Да воздастся каждому по делам его. Часть . Ирка - страница 5



– Мне надо с тобой поговорить, Ира. Серьезно.

Она посадила меня на стул, села напротив. Я хотела вырваться и убежать, но руки у мамы были сильные, и вывернуться не получилось. Она смотрела мне прямо в глаза, и на ее белом лбу собралась складочка, а розовые губы подрагивали. Так всегда было, когда она сильно сердилась.

– Я многое тебе объясняла, Ира. Про Оксану, про её жизнь, про маму её тоже. Ты вроде все понимала. Или нет?

– A чего она?

Вредный червяк в моей голове ворочался, а в боку все покалывало. Мне уже было стыдно, но признаться – означало сдать позиции.
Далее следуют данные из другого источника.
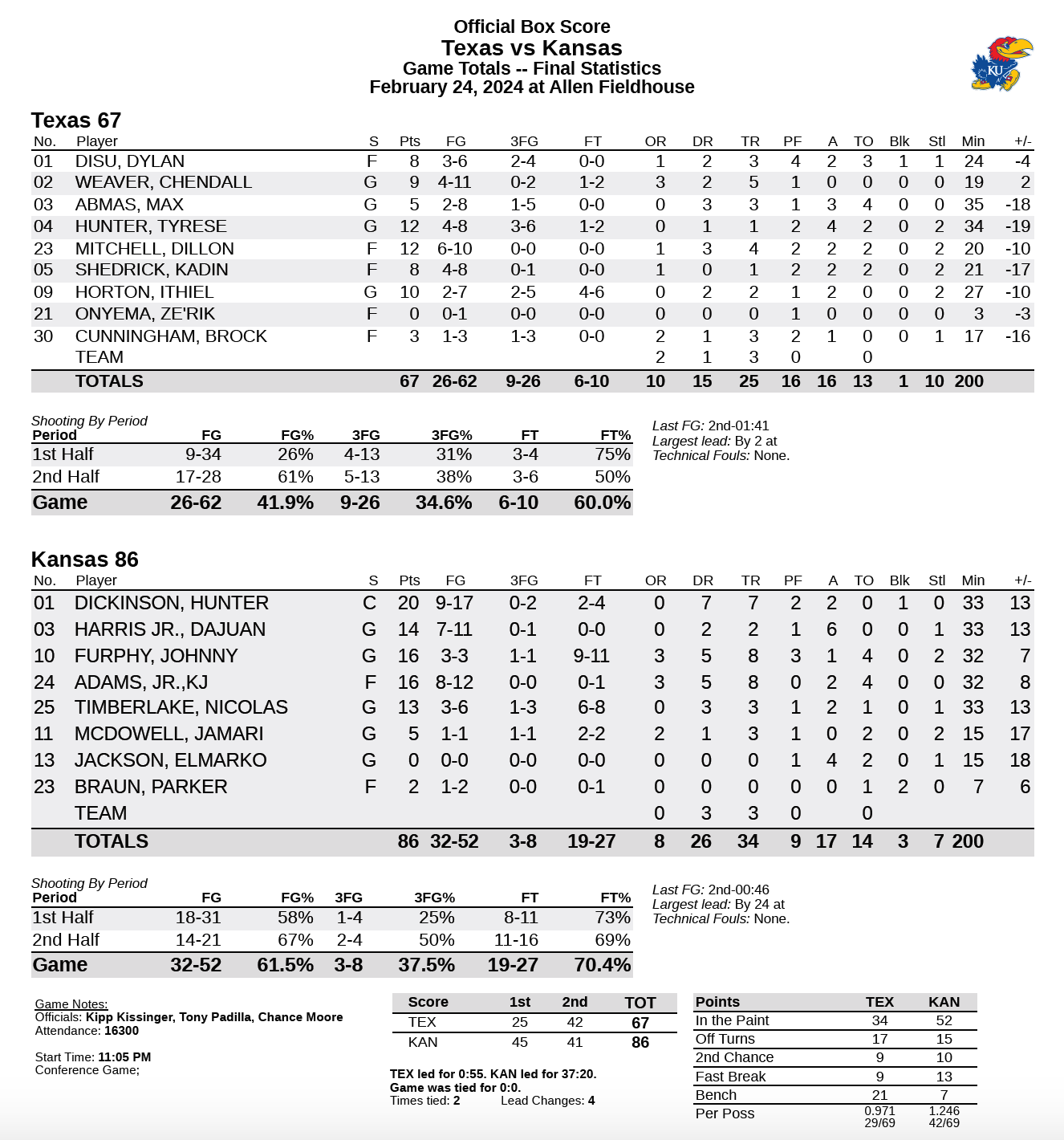 — Kansas Men’s Basketball (@KUHoops) February 24, 2024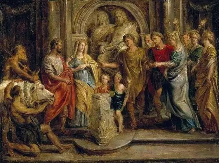 展厅中有幅《君士坦丁的婚姻》,虽是鲁本斯作品的草稿部分,但我们也能从画面中看出巴洛克极强的装饰性。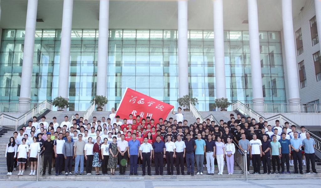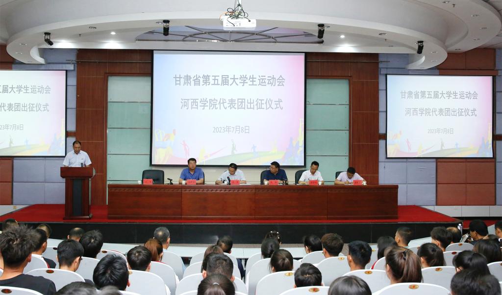 7月8日,学校举行甘肃省第五届大学生运动会出征仪式。校党委副书记、校长周勇,党委常委、副校长赵柱,校体委、办公室、体育学院负责人及各参赛项目代表队全体领队、教练员和运动员共170多人参加仪式。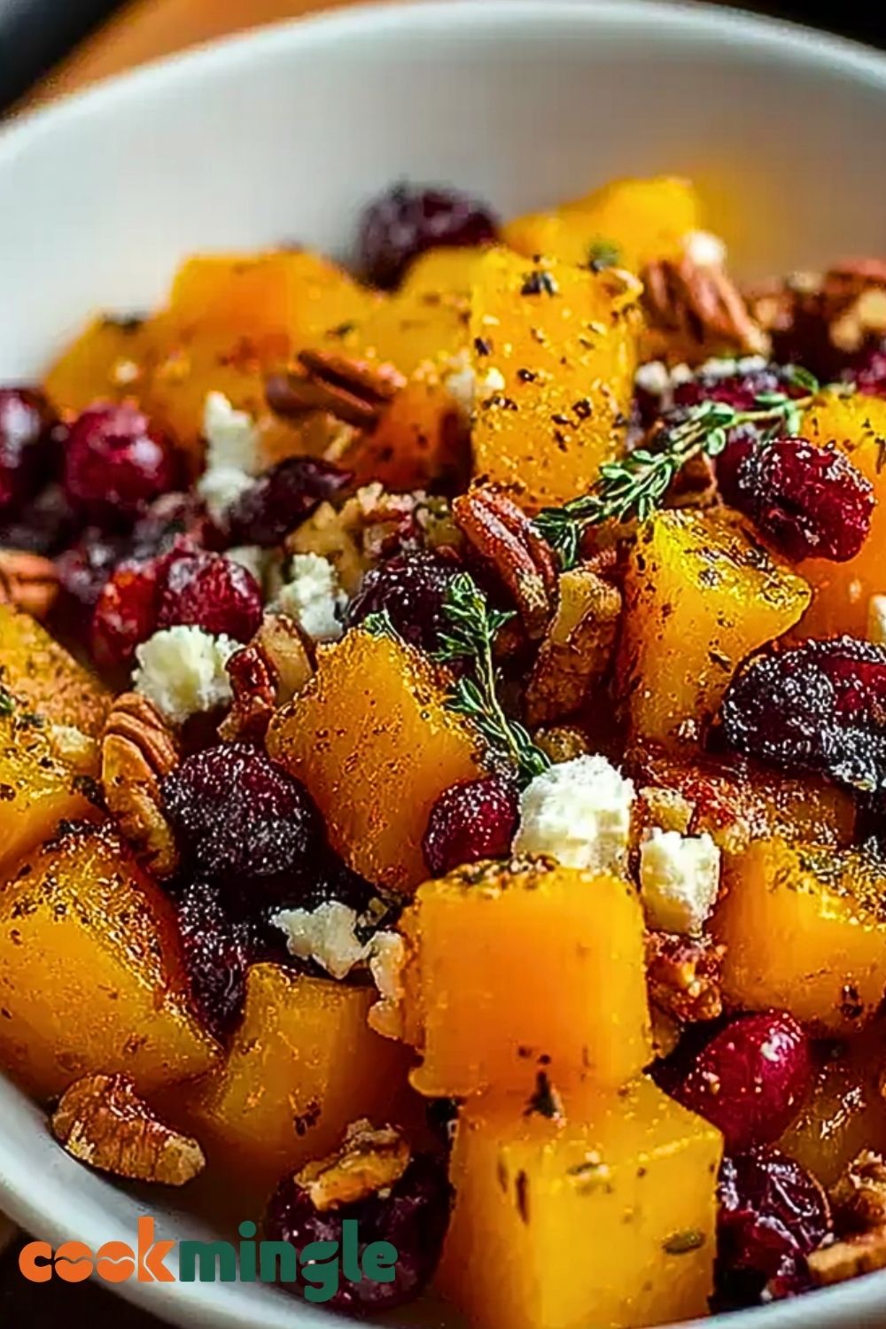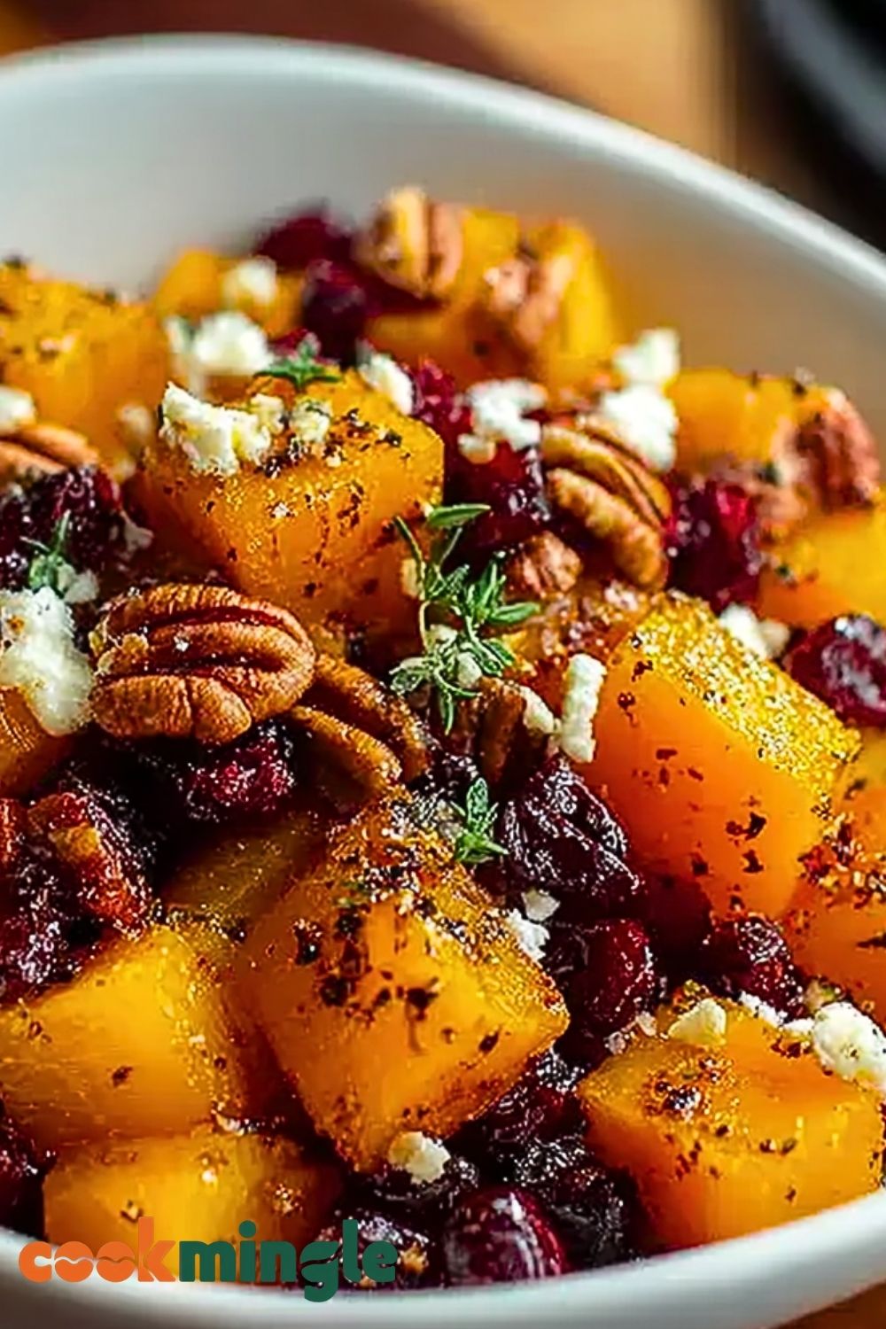 Honey Roasted Butternut Squash with Cranberries, Pecans, and Feta

А я свои позиции без боя не сдавала.

– Значит так!

Мама встала, зашелестев шелковым новым платьем, от которого пахнуло духами и шоколадом. Мне уже так захотелось прижаться к ее теплому боку и зареветь, что стало плевать на этот бой. Я рванула к ней, но она уверенно отстранила меня, отошла к двери. Потом повернулась ко мне.

– Мы все идем в цирк на Новый год, ты знаешь. Все, кроме тебя.

У меня даже дернулась голова, как от удара. Слезы прорвали плотину и хлынули градом.


***

– Ты обалдела, Ангелин. Ребенок два месяца ждал этого цирка, она вон, весь альбом клоунами и медведями на велосипедах изрисовала. Надо же меру знать!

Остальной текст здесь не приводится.